Она всегда садилась на эту скамеечку. Полагаю, она считала сей предмет залогом доброго настроения в доме.
Осмелюсь сказать: вне всякого сомнения, Кроха была лучшей набивальщицей трубок во всем подлунном мире. Смотреть на то, как своим мягким мизинчиком она приминает в чашечке табак, как потом дует, чтобы прочистить дымовой канал, как затем озабоченно продувает его еще и еще, на всякий случай, как подносит к глазам и осматривает со всех сторон и строит во время осмотра недовольную гримаску, — редкостное удовольствие. Она к тому же и разжигальщицей табака была такой же замечательной: поднести зажженную бумажку к самому носу сидящего с холодной трубкой наготове возчика и совсем-совсем не обжечь его — искусство, высокое искусство.
И Сверчок, и чайник это признавали! А еще пламя, снова ярко запылавшее! И Косильщик в часах! А с наибольшей готовностью, довольный и умиротворенный, признавал это сам возчик!

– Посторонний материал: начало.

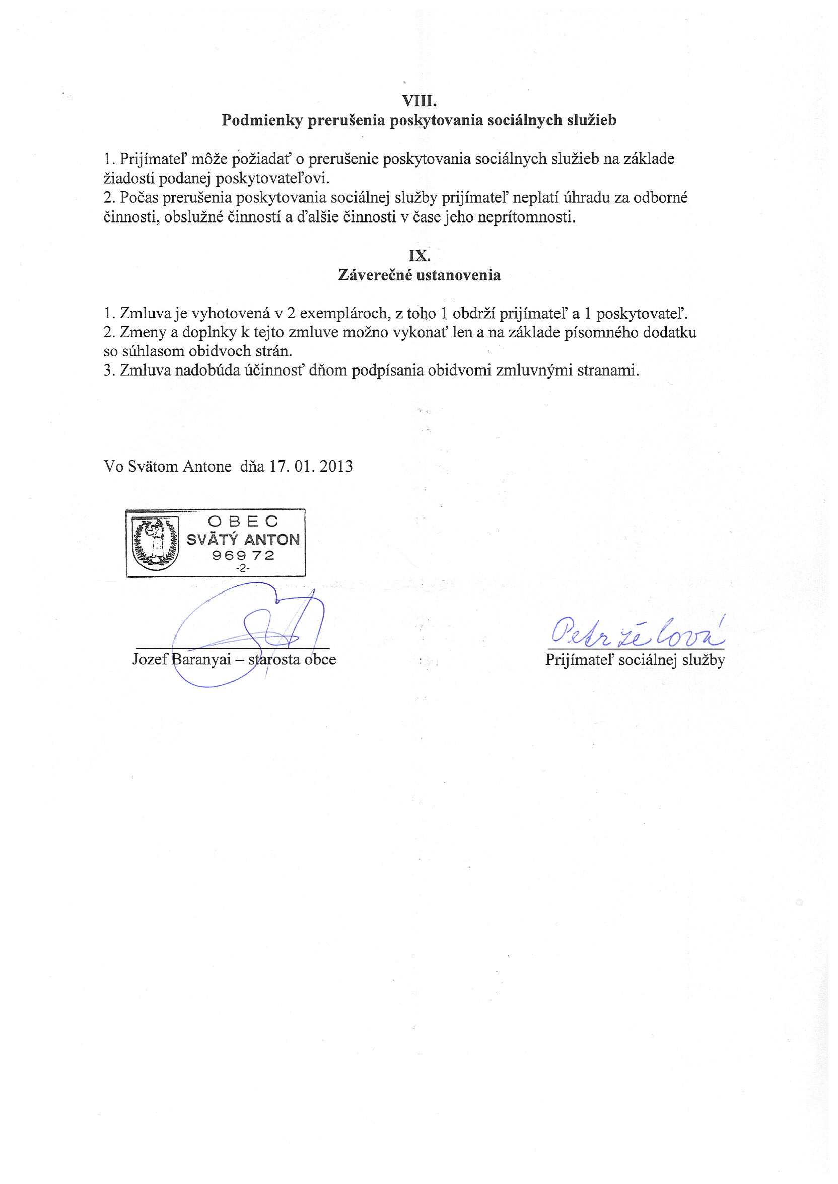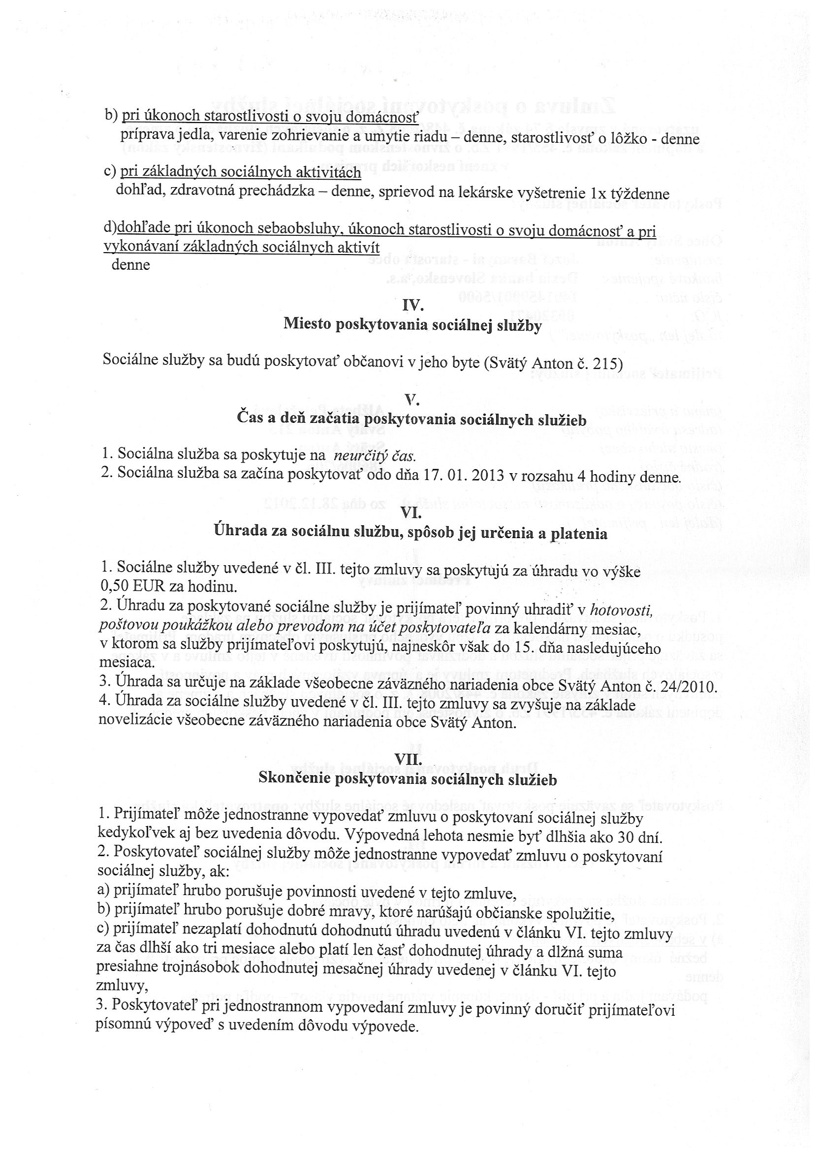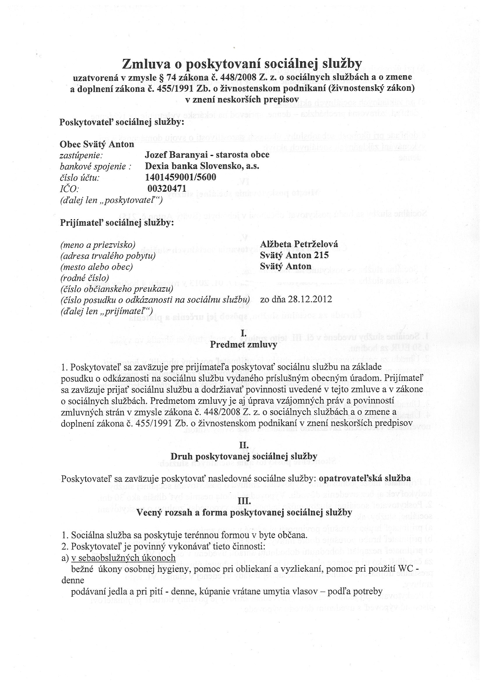 4/2013, Alžbeta Petrželová, Svätý Anton č. 215, Zmluva o poskytovaní sociálnej služby |

И пока он основательно и задумчиво пыхал старой трубкой; пока тикали ходики, пока бушевало пламя в очаге; пока издавал свои трели сверчок, этот Гений очага и дома (ибо таков сверчок и есть), в кухне тихо появился его призрачный двойник и населил помещение знакомыми образами. Их роилось множество: всех видов, форм и размеров. Беззаботные дети, весело собирающие полевые цветы; юные застенчивые Крохи и другие — с первой, едва проявившейся чувственностью. Вот Кроха-новобрачная: она стоит у двери и с интересом рассматривает связку ключей от хозяйства; вот Кроха, юная мать, несет крестить младенца, и призрачная нянька семенит следом; вот Кроха созревшая, при этом по-прежнему молодая и цветущая, наблюдает за крохами-дочками, когда они веселятся на деревенских танцах; вот она же, погрузневшая, окруженная тесной толпой румяных внуков; вот иссохшая дряхлая Кроха, опирающаяся на палочку и медленно плетущаяся вперед.
В тех виденьях были и старые возчики, у ног которых лежали старые слепые Пираты; и новые повозки с молодыми возчиками — а на парусиновых тентах фургонов значится: «Братья Пирибингл»; вот занедужившие возчики: их мягко ведут под руки; вот пристанища отошедших в мир иной покойных возчиков, зеленеющие в церковном дворе. И когда Сверчок показывал все эти картины — он видел их совершенно ясно, хотя глаза смотрели на пламя, — сердце его билось счастливо и радостно: он возносил горячую благодарность гениям своего дома, и слова Груббса и Тэклтона волновали его не больше чемвас.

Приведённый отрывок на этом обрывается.